── Dataset content
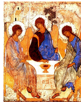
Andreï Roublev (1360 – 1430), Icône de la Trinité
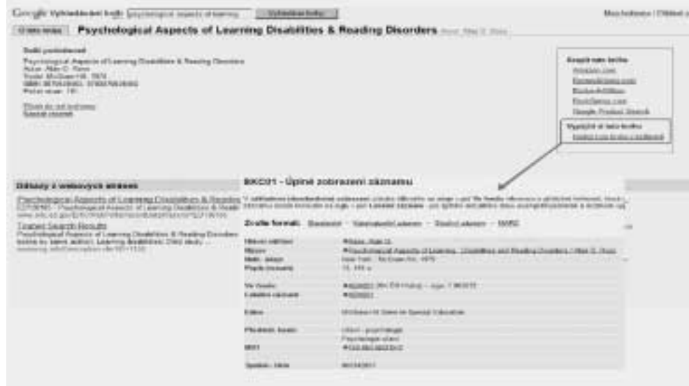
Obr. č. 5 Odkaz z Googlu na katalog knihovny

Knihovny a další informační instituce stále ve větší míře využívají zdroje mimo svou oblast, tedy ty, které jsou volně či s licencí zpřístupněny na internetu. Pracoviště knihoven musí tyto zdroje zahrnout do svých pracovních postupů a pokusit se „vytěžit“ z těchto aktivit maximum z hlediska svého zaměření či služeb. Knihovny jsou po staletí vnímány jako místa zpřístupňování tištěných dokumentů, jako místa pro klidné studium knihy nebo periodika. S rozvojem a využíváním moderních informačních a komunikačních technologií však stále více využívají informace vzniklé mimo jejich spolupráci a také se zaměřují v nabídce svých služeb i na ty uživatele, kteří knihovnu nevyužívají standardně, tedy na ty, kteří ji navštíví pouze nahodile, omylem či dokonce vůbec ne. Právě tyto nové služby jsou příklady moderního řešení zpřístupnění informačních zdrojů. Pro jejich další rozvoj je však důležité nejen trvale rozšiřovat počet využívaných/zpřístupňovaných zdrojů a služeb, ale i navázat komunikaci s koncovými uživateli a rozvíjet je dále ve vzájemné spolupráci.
────
Task prompt
While leaving pictures out, reproduce exactly the lines from the beginning of the listing above through the line containing "Obr. č. 5 Odkaz z Googlu na katalog knihovny", both ends included.

Exercise result
Andreï Roublev (1360 – 1430), Icône de la Trinité
Obr. č. 5 Odkaz z Googlu na katalog knihovny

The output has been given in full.